Twisted knight, p.14
Twisted Knight,
p.14
I never much liked him and even less so now that I know there has been some unsavory conduct going on—so I might just take a little glee in seeing him sweat. Literally.
“Rowan? Our driver is waiting,” Holden says, eyebrows raised, and tone implying we’re leaving and why am I not following.
Which I do, but only because I have no choice. We drove the short distance to Greatland together and in silence—his eyes on mine as I held my ground and didn’t cave. Juvenile and petty but so satisfying for him to realize that I don’t tremble every time he looks at me.
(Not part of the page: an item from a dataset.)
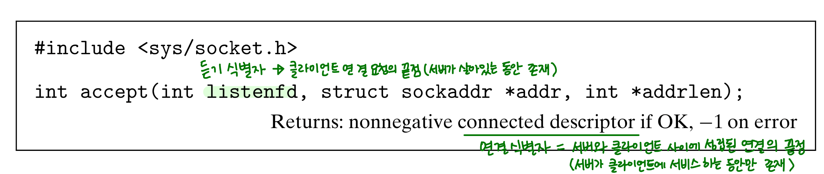 서버가 이 함수를 호출하여 클라이언트로부터 연결 요청을 기다린다.

Plus, I was still processing what I’d uncovered and trying to figure out how to broach it.
He is about five paces ahead of me as we cross the parking lot to the waiting town car. Apparently, Holden Knight is too cool to drive himself anywhere.
“I know what you’re doing,” I call out to him, the information that has been eating a hole in my gut burning to get out.
“What’s that?” he says without stopping.
“What, are you too chickenshit to face me?”
His feet falter, as do mine, until he stops completely. When he turns to face me, he’s wearing the same chilled smile he gave Porter. “Hardly. Is whatever this is the reason you’ve been glaring at me all day? I’m not the Wicked Witch of the West, Sunshine. I don’t wither away.”
“Unfortunately.”
“Has something caused that stick to be shoved farther up your ass or is that just a new accessory I need to get used to? Because … you don’t scare me, Rowan.”
“I should.”
“Your confidence is admirable, but you don’t exactly know who you’re dealing with.”
“But I do.”
His eyes spark with fire. “Googling me yet again? And here I thought you couldn’t stand me.”
It’s all fun and games with him. It’s all quick comebacks and little quips. It’s clearly all smoke and mirrors.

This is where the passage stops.